## TASK GOAL
Pictures in the listing below are skipped, while the lines from the "8割以上が、2024年は前年より家計の負担が増えたと回答。" line through the "上面只列举了部分方案,更多65折促销VPS请到官网用户管理中心如下图查看。" line are returned word for word.

## SOURCE MATERIAL
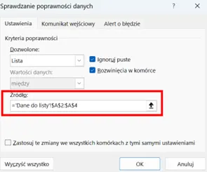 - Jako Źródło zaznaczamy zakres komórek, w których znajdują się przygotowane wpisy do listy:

* * *

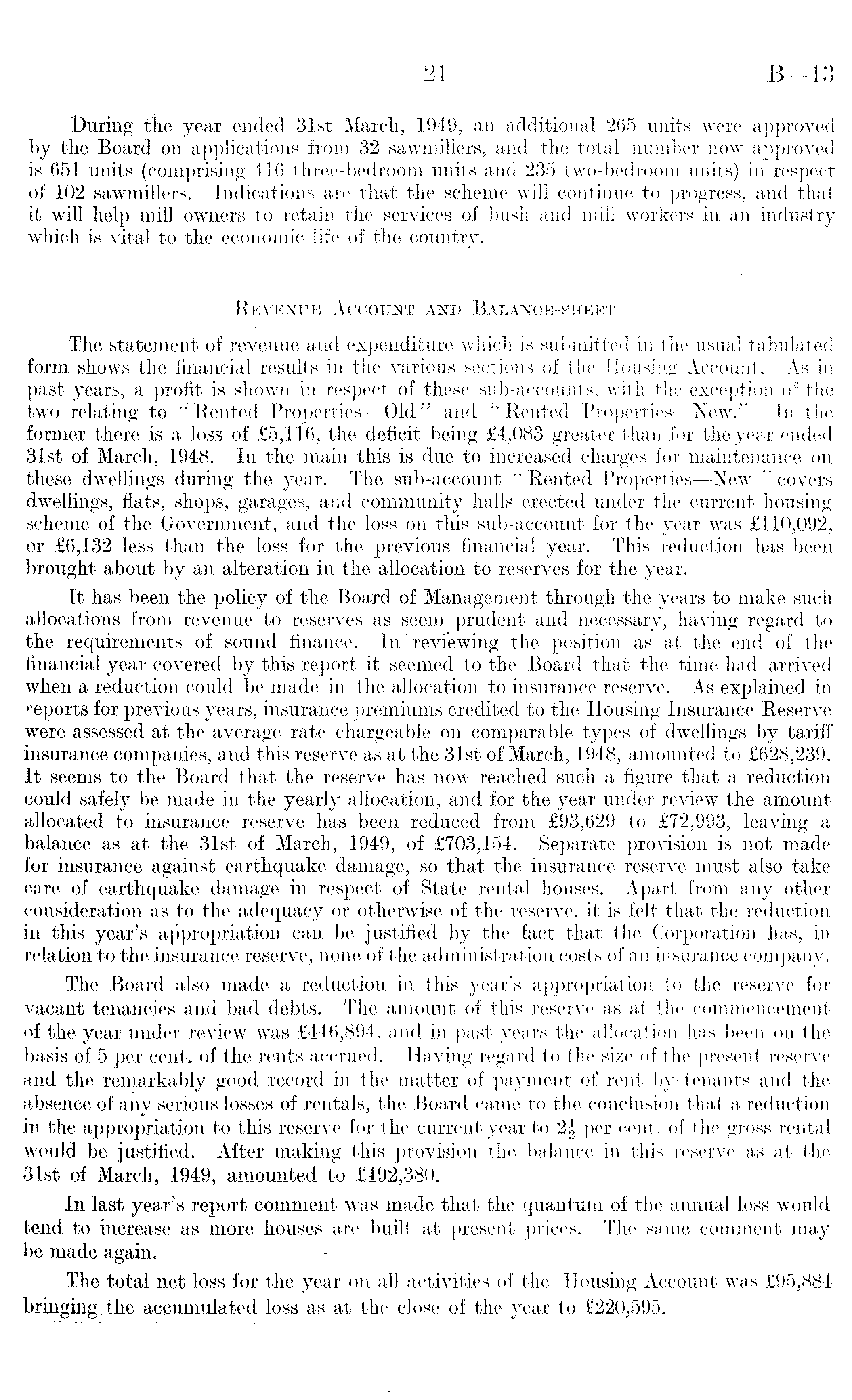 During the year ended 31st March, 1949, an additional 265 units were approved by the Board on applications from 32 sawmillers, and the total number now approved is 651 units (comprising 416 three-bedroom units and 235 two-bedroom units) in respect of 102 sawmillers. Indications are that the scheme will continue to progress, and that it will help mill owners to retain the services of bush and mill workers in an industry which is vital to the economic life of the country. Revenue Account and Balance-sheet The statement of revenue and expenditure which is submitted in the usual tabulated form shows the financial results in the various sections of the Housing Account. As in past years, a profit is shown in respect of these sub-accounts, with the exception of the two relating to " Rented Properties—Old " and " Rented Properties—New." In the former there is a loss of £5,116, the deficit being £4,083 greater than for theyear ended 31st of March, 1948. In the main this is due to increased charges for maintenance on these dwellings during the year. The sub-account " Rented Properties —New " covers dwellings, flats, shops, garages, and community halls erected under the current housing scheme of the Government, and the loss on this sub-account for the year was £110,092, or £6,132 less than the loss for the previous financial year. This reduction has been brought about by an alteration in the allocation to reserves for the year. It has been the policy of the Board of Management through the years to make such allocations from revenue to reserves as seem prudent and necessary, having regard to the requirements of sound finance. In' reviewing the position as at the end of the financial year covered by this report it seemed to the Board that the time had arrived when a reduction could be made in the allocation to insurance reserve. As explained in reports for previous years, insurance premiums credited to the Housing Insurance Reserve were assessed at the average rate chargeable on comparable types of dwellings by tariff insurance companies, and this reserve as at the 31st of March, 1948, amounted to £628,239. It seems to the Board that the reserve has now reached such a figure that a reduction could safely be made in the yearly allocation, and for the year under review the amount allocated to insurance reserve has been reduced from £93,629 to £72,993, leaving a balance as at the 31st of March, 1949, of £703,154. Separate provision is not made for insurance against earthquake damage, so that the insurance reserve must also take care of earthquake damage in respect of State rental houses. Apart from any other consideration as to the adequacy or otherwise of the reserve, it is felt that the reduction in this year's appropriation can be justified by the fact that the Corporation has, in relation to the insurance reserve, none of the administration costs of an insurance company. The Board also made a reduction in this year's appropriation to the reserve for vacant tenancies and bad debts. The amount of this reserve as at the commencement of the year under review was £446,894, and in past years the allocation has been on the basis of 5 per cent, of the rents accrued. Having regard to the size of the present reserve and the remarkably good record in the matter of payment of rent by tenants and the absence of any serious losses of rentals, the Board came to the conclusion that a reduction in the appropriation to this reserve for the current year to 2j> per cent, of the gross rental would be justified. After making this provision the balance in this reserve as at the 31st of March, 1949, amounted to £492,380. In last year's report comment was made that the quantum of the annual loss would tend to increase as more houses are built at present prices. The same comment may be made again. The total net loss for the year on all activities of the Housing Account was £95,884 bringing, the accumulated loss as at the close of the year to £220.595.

* * *

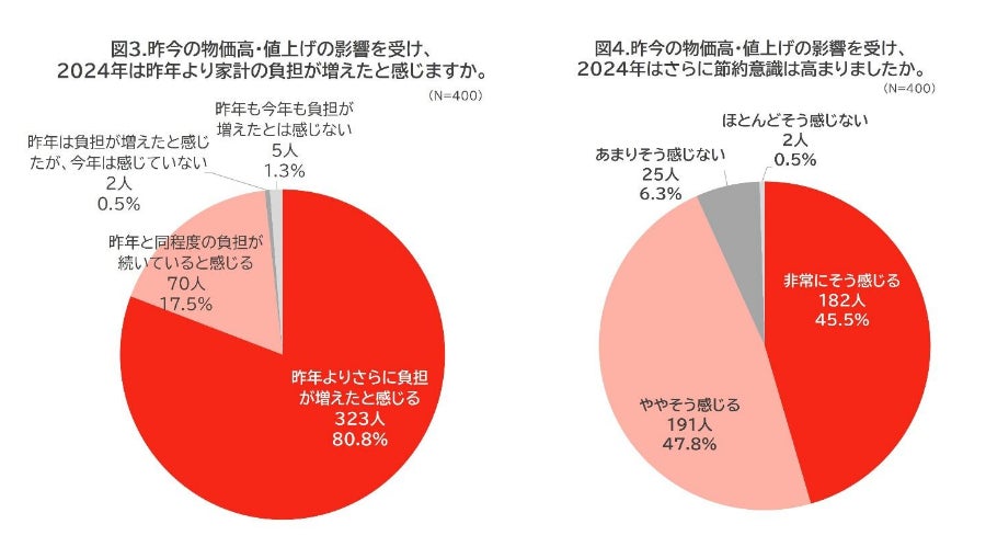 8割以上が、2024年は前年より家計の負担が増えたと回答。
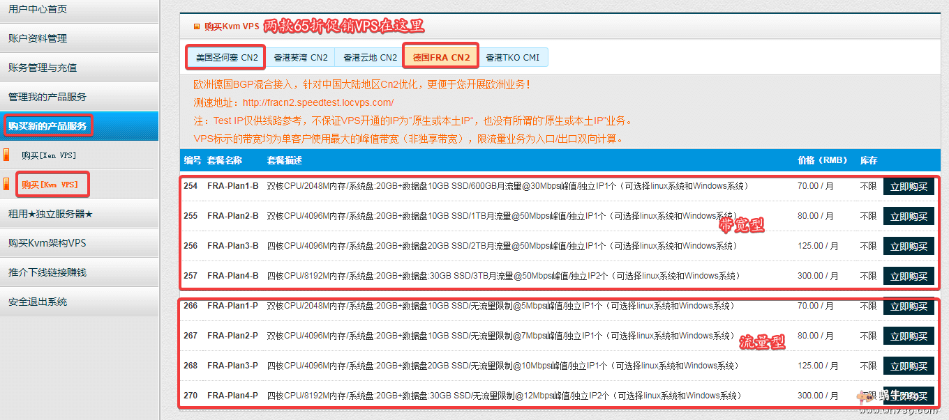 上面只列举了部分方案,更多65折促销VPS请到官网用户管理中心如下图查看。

## TASK SOLUTION
 8割以上が、2024年は前年より家計の負担が増えたと回答。
 上面只列举了部分方案,更多65折促销VPS请到官网用户管理中心如下图查看。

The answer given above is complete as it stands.